Add water and vanilla. While the processor is running, drizzle in the vanilla and the water. We mixed the vanilla and water together earlier, so we could add both at the same time.
Let run. Let the processor run until a ball of dough forms and rides on top of the blade.
Roll out. On a lightly floured work surface, using about 1/2 of the dough, roll out until it is about 1/16 of an inch thick. Very thin.
Cut squares. Use a knife and cut out 1×1 inch squares.
Dock. Use the tines of a fork to dock the crackers. Basically, pierce the crackers with the tines. This will hold the dough on top to that on the bottom, so your crackers won’t puff like pillows. Plus it looks nice.
Bake. Place the crackers on a baking sheet, and bake for about 10 minutes or until starting to brown. You can put the crackers close together as they do not spread.
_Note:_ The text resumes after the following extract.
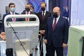 Рабочая поездка председателя России Михаила Мишустина в Екатеринбург. Председатель правительства России Михаил Мишустин (слева) во время посещения Международной промышленной выставки "Иннопром-2021".
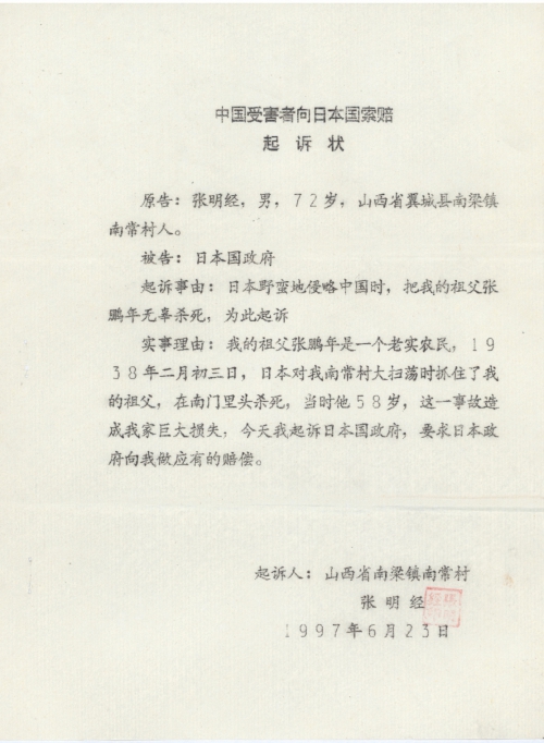 起诉事由:日本野蛮地侵略中国时,把我的祖父张鹏年无辜杀死,为此起诉

Repeat with remaining dough.
Super simple, right? Now you know why, when you go down those non-food aisles in the center of the store, there are hundreds of varieties of crackers. They only use a few ingredients, so they’re fast to mix up, and bake quickly. Obviously, high profit. Of course, since you’re following scratchin’ it, you prefer to buy high-quality ingredients so your food tastes great! Oh, we give this five stars; it was five minutes of mixing, and 25 minutes of rolling and baking, for a better tasting cracker.